• What this task involves: Repeat the lines from the line with "White solid delivery" to the line with "3. 보도내용 : 사회복지법인" in the listing below, keeping both end lines and adding nothing.

• Data provided:
▽

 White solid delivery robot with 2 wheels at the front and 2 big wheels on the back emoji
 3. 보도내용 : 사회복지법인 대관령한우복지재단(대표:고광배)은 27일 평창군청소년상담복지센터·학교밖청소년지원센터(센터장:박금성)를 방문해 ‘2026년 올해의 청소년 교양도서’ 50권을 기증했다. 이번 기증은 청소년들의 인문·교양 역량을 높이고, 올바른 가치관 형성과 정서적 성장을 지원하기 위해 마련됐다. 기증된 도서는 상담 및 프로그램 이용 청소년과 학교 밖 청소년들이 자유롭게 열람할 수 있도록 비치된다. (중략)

△
▽

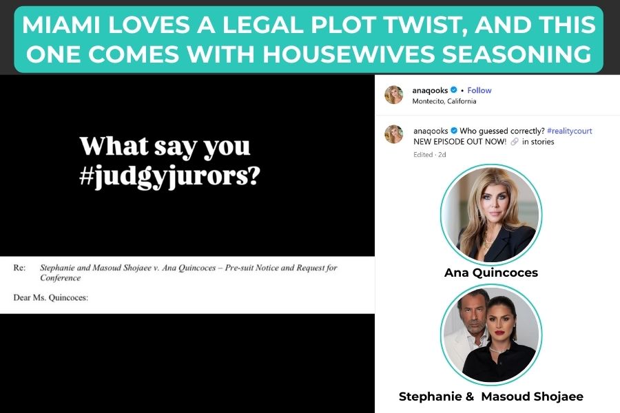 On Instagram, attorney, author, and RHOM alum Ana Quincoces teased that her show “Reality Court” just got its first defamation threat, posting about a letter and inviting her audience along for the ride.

△

• Response:
 White solid delivery robot with 2 wheels at the front and 2 big wheels on the back emoji
 3. 보도내용 : 사회복지법인 대관령한우복지재단(대표:고광배)은 27일 평창군청소년상담복지센터·학교밖청소년지원센터(센터장:박금성)를 방문해 ‘2026년 올해의 청소년 교양도서’ 50권을 기증했다. 이번 기증은 청소년들의 인문·교양 역량을 높이고, 올바른 가치관 형성과 정서적 성장을 지원하기 위해 마련됐다. 기증된 도서는 상담 및 프로그램 이용 청소년과 학교 밖 청소년들이 자유롭게 열람할 수 있도록 비치된다. (중략)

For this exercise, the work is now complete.